-- Data section follows --
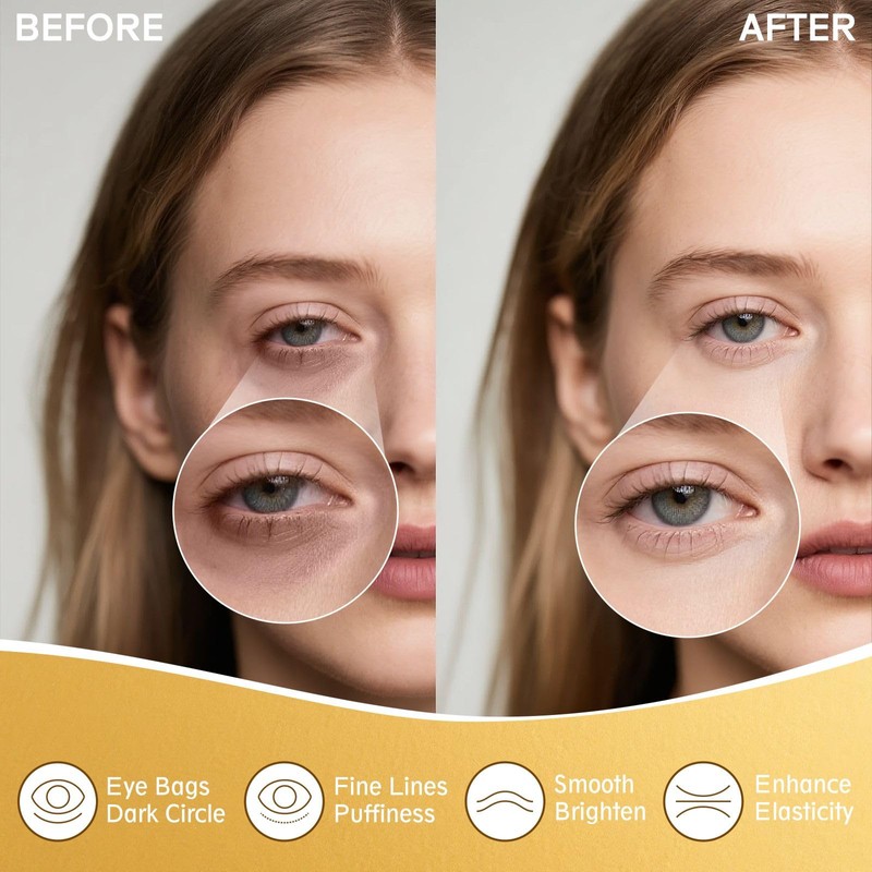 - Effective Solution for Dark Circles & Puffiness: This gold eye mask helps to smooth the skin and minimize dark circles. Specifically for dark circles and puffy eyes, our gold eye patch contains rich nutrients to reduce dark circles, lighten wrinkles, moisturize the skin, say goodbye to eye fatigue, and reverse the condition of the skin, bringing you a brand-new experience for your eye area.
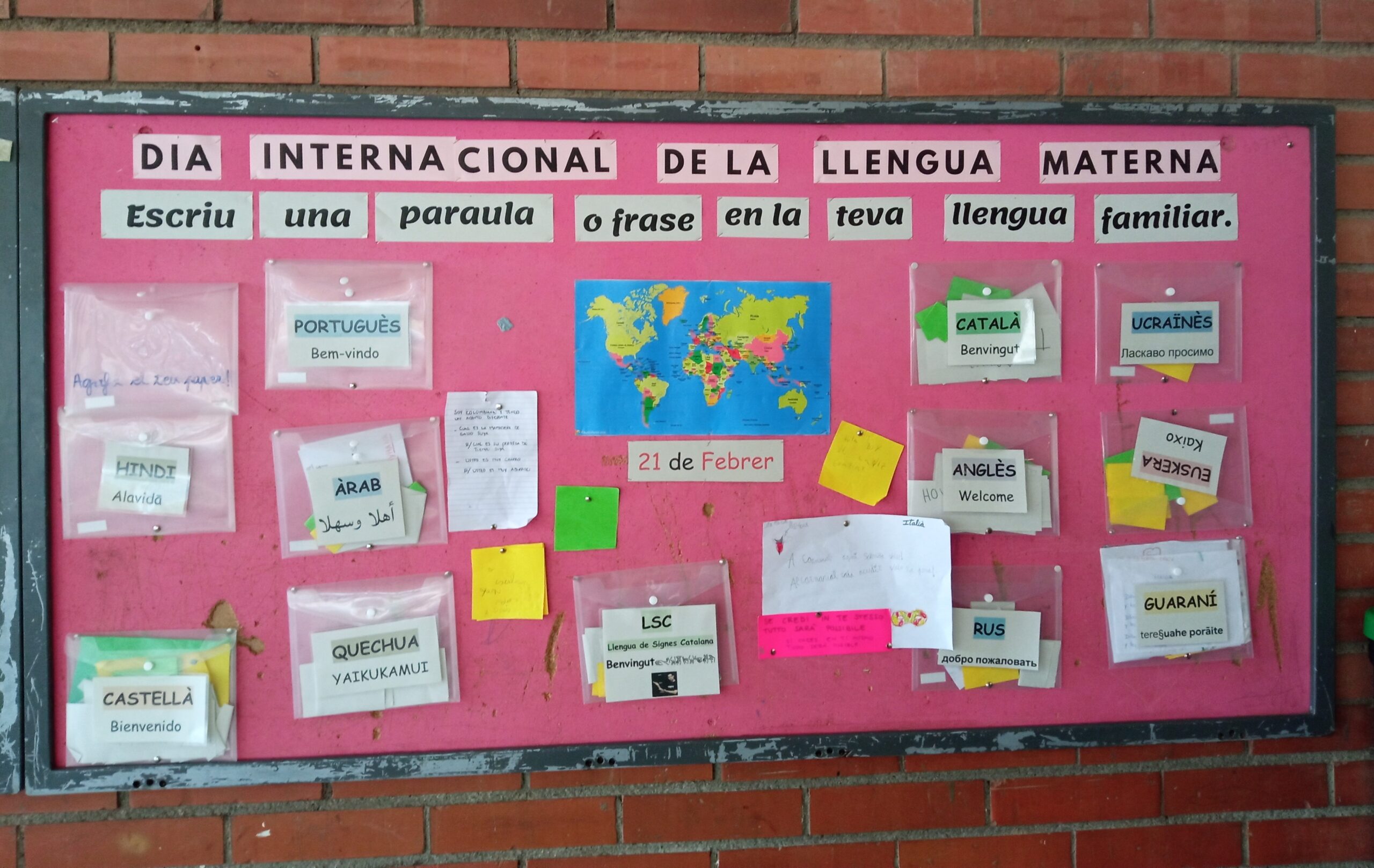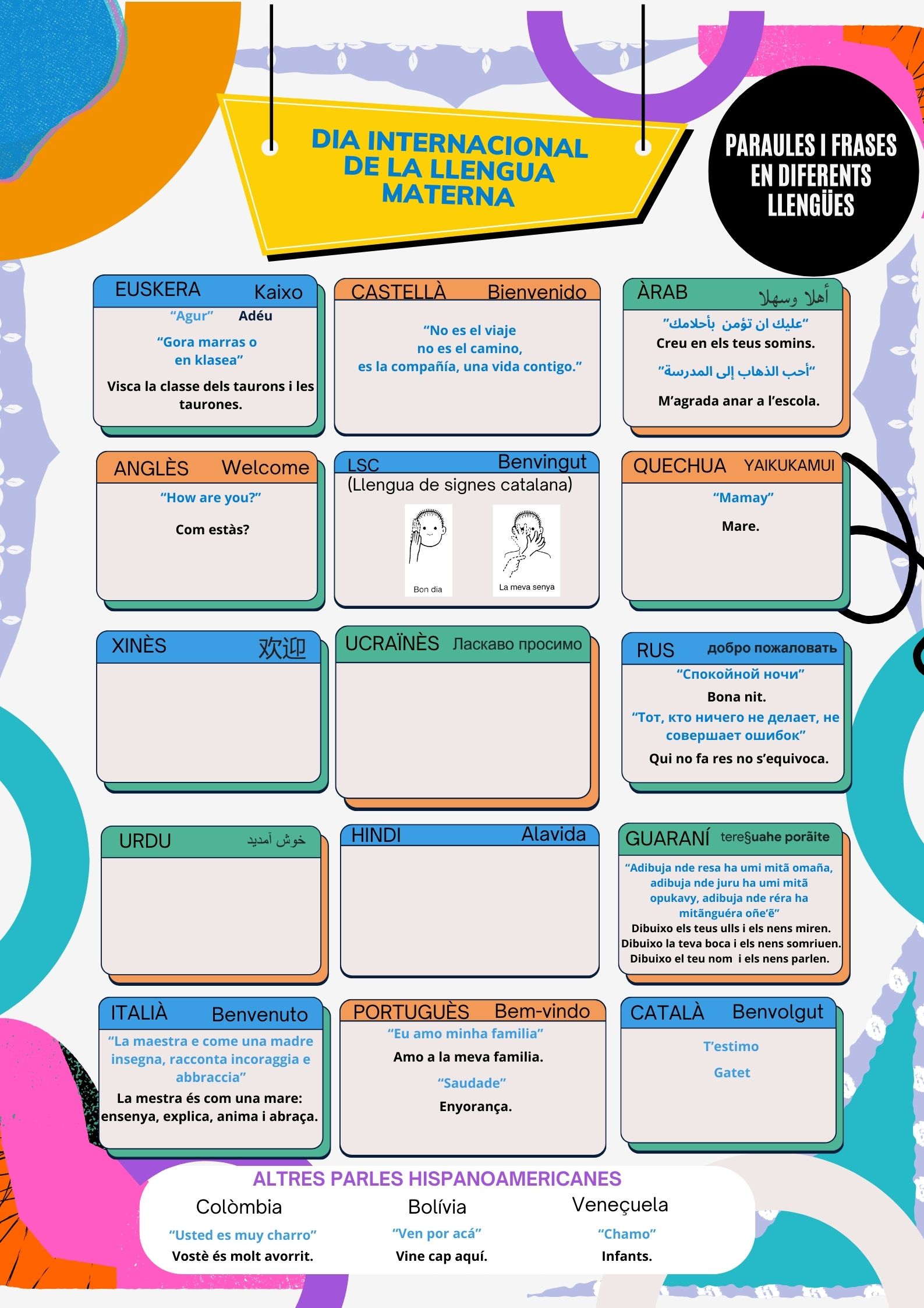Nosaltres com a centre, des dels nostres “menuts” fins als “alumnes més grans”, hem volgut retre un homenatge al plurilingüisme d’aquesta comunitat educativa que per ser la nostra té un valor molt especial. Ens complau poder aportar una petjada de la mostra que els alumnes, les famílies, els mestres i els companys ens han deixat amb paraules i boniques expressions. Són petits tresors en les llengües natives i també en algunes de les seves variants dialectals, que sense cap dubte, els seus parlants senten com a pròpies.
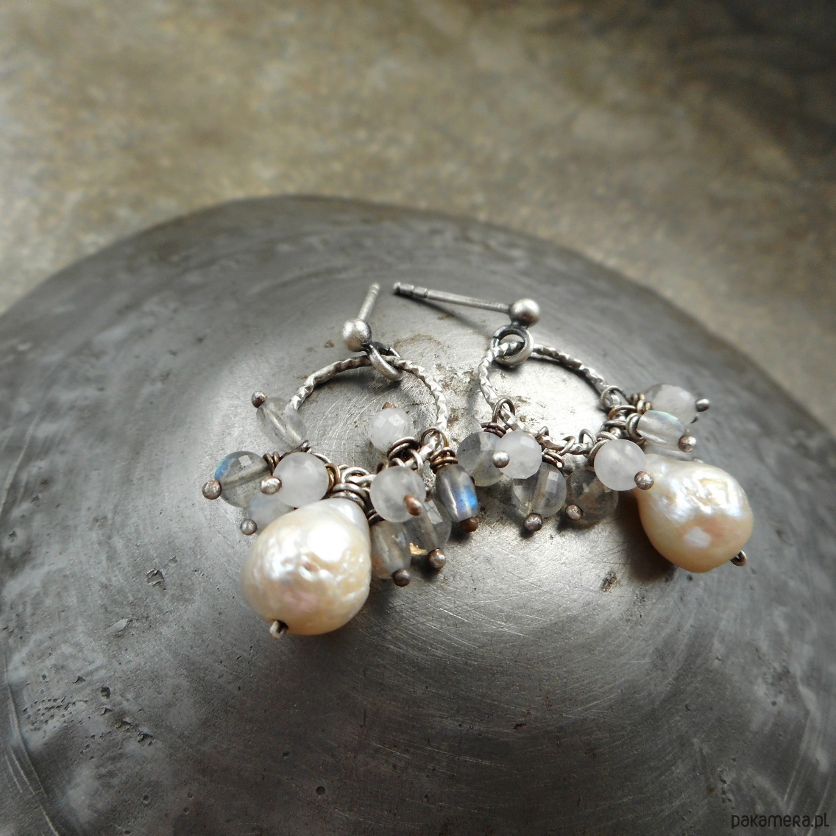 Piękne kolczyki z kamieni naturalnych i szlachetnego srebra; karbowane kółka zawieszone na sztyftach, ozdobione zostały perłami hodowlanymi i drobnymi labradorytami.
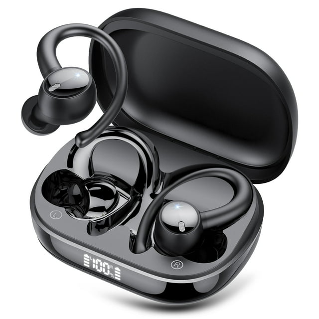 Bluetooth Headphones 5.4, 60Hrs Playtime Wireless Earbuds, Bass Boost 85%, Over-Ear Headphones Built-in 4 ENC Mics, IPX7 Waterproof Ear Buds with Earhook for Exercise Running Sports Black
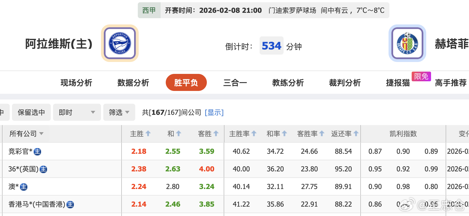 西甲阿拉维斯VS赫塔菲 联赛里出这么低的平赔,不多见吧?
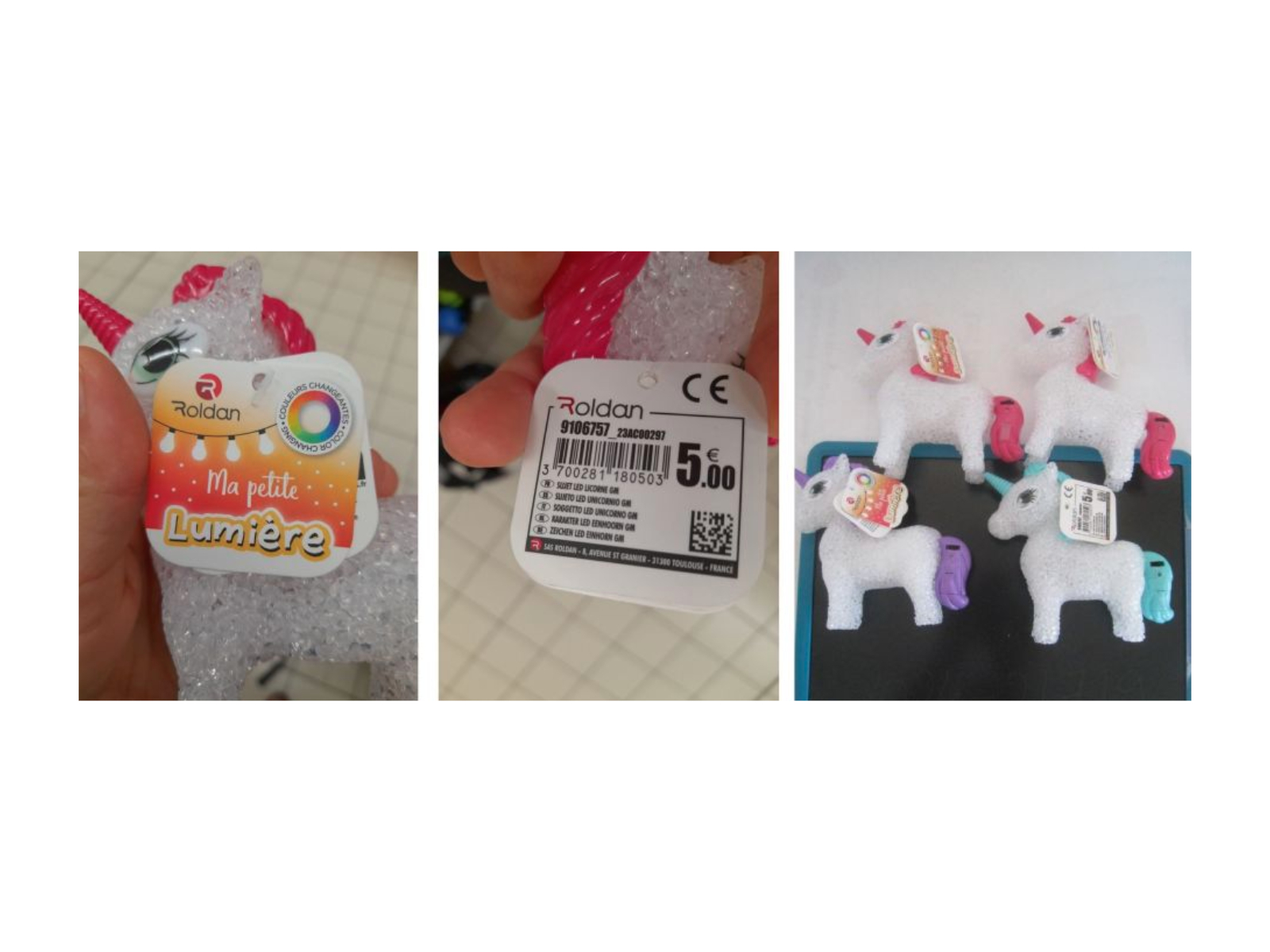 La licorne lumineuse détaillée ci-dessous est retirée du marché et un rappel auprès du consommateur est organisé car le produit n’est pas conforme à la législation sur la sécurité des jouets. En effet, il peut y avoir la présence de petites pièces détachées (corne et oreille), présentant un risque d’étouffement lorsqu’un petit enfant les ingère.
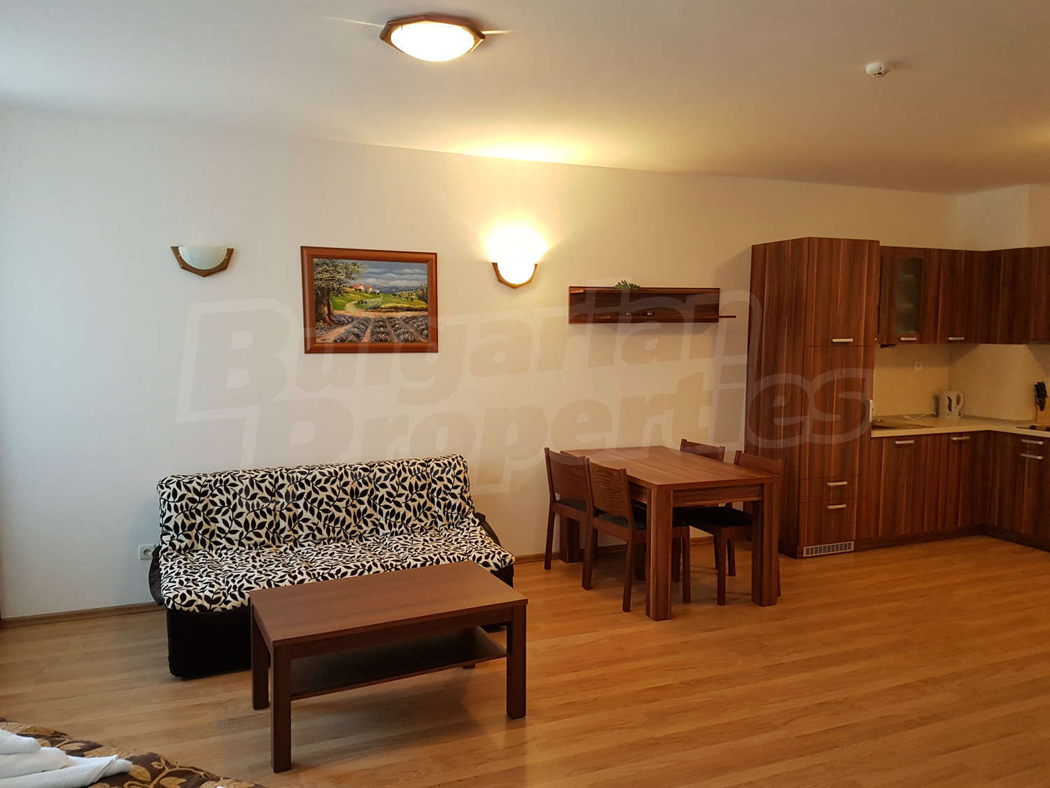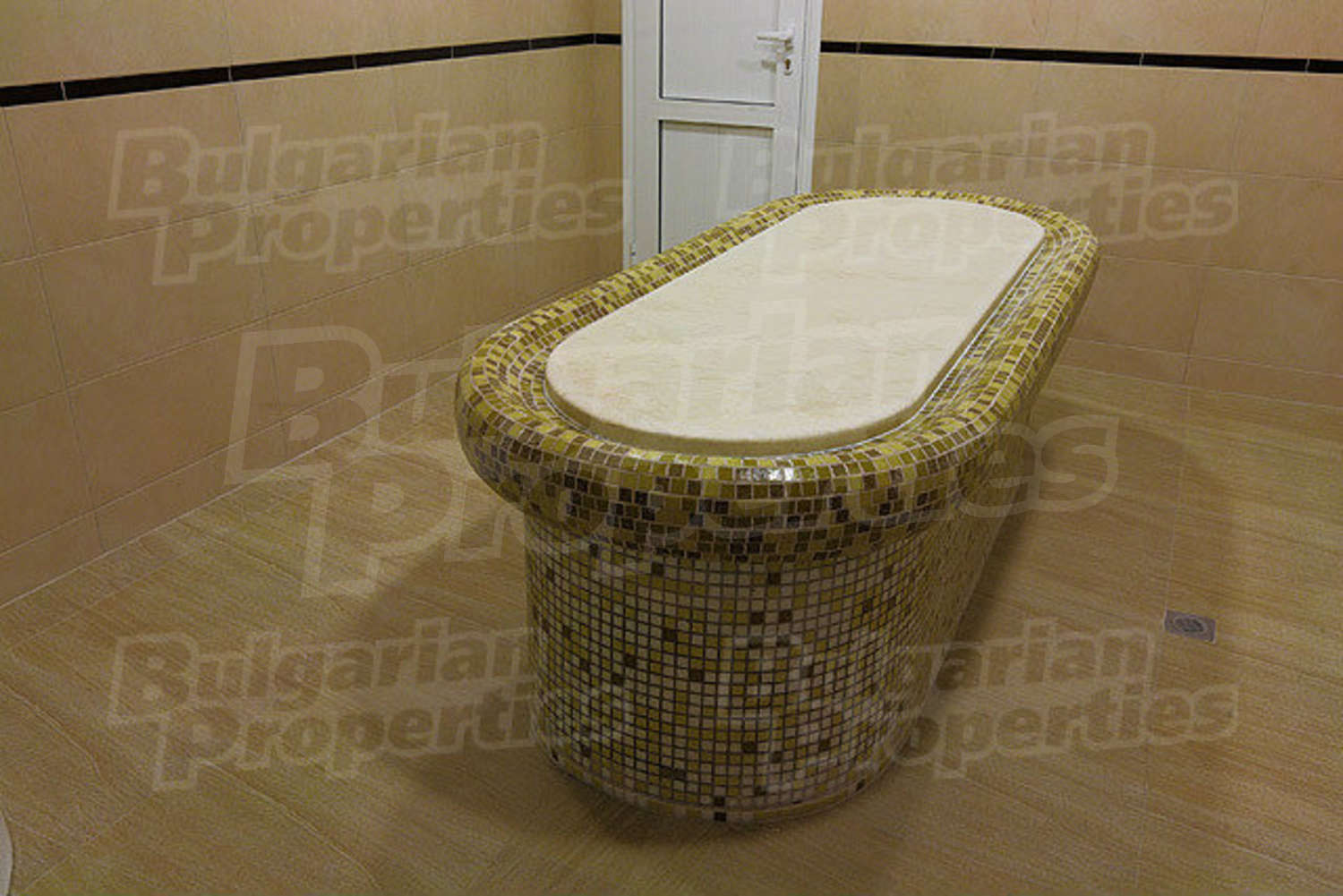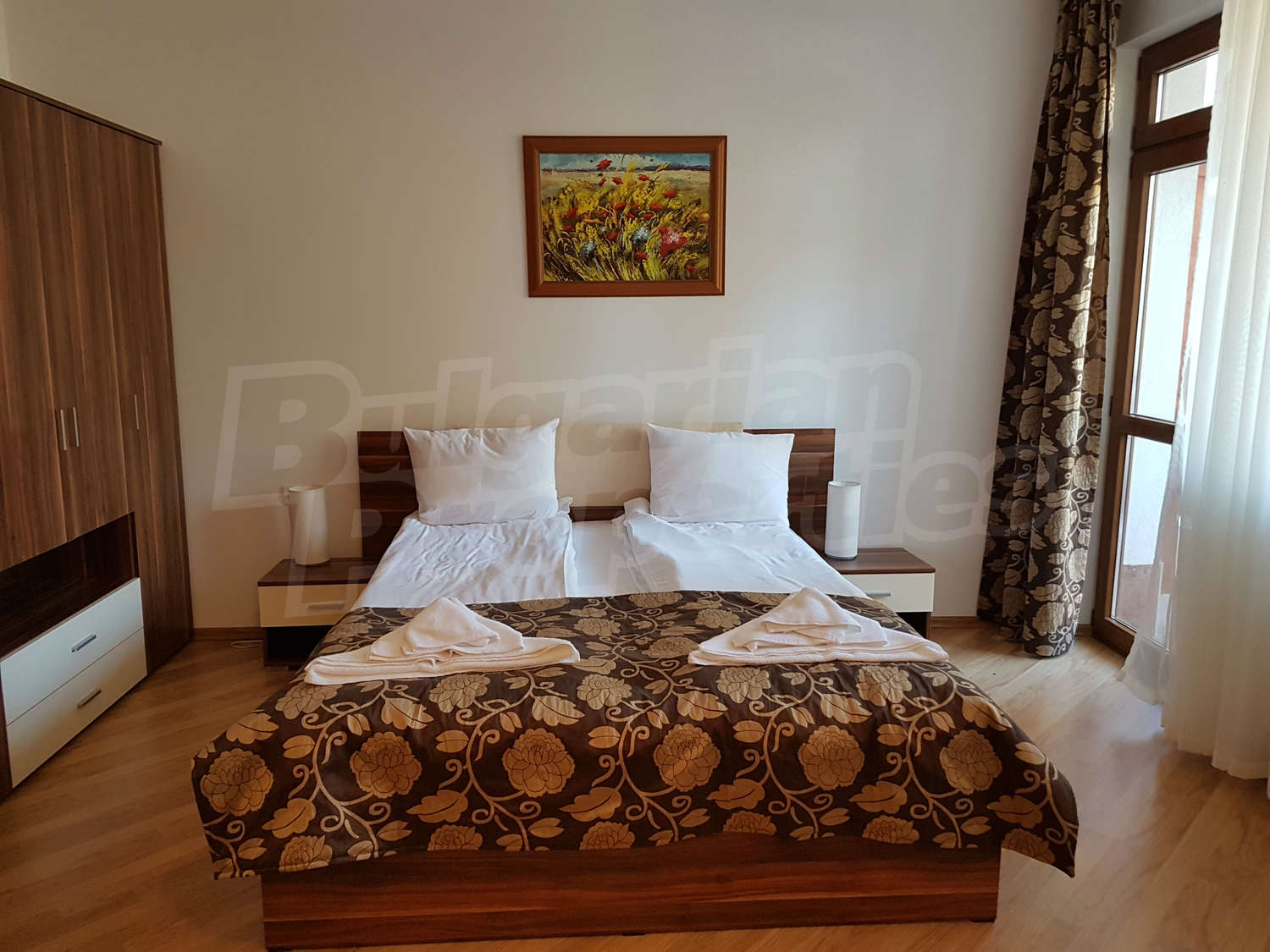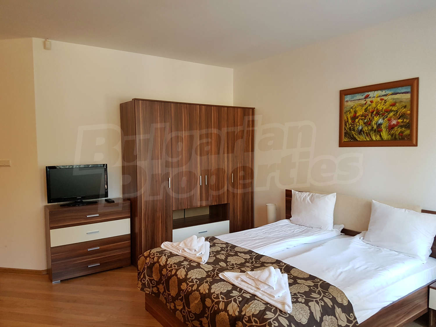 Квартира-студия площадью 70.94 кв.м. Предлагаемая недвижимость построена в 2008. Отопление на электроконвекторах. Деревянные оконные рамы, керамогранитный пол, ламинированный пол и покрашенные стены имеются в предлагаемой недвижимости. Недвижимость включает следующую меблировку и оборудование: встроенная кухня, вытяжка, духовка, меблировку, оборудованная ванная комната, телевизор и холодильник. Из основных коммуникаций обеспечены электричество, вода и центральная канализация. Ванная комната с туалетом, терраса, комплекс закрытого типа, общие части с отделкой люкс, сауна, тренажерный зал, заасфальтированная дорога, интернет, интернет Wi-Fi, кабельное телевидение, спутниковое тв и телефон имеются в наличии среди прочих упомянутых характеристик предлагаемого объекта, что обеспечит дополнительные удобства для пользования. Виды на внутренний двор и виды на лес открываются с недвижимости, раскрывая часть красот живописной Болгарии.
-- Data section concluded --
About this task:
Word-for-word copy, no pictures: write out the entries above in full.

Result below:
 - Effective Solution for Dark Circles & Puffiness: This gold eye mask helps to smooth the skin and minimize dark circles. Specifically for dark circles and puffy eyes, our gold eye patch contains rich nutrients to reduce dark circles, lighten wrinkles, moisturize the skin, say goodbye to eye fatigue, and reverse the condition of the skin, bringing you a brand-new experience for your eye area.
Nosaltres com a centre, des dels nostres “menuts” fins als “alumnes més grans”, hem volgut retre un homenatge al plurilingüisme d’aquesta comunitat educativa que per ser la nostra té un valor molt especial. Ens complau poder aportar una petjada de la mostra que els alumnes, les famílies, els mestres i els companys ens han deixat amb paraules i boniques expressions. Són petits tresors en les llengües natives i també en algunes de les seves variants dialectals, que sense cap dubte, els seus parlants senten com a pròpies.
 Piękne kolczyki z kamieni naturalnych i szlachetnego srebra; karbowane kółka zawieszone na sztyftach, ozdobione zostały perłami hodowlanymi i drobnymi labradorytami.
 Bluetooth Headphones 5.4, 60Hrs Playtime Wireless Earbuds, Bass Boost 85%, Over-Ear Headphones Built-in 4 ENC Mics, IPX7 Waterproof Ear Buds with Earhook for Exercise Running Sports Black
 西甲阿拉维斯VS赫塔菲 联赛里出这么低的平赔,不多见吧?
 La licorne lumineuse détaillée ci-dessous est retirée du marché et un rappel auprès du consommateur est organisé car le produit n’est pas conforme à la législation sur la sécurité des jouets. En effet, il peut y avoir la présence de petites pièces détachées (corne et oreille), présentant un risque d’étouffement lorsqu’un petit enfant les ingère.
 Квартира-студия площадью 70.94 кв.м. Предлагаемая недвижимость построена в 2008. Отопление на электроконвекторах. Деревянные оконные рамы, керамогранитный пол, ламинированный пол и покрашенные стены имеются в предлагаемой недвижимости. Недвижимость включает следующую меблировку и оборудование: встроенная кухня, вытяжка, духовка, меблировку, оборудованная ванная комната, телевизор и холодильник. Из основных коммуникаций обеспечены электричество, вода и центральная канализация. Ванная комната с туалетом, терраса, комплекс закрытого типа, общие части с отделкой люкс, сауна, тренажерный зал, заасфальтированная дорога, интернет, интернет Wi-Fi, кабельное телевидение, спутниковое тв и телефон имеются в наличии среди прочих упомянутых характеристик предлагаемого объекта, что обеспечит дополнительные удобства для пользования. Виды на внутренний двор и виды на лес открываются с недвижимости, раскрывая часть красот живописной Болгарии.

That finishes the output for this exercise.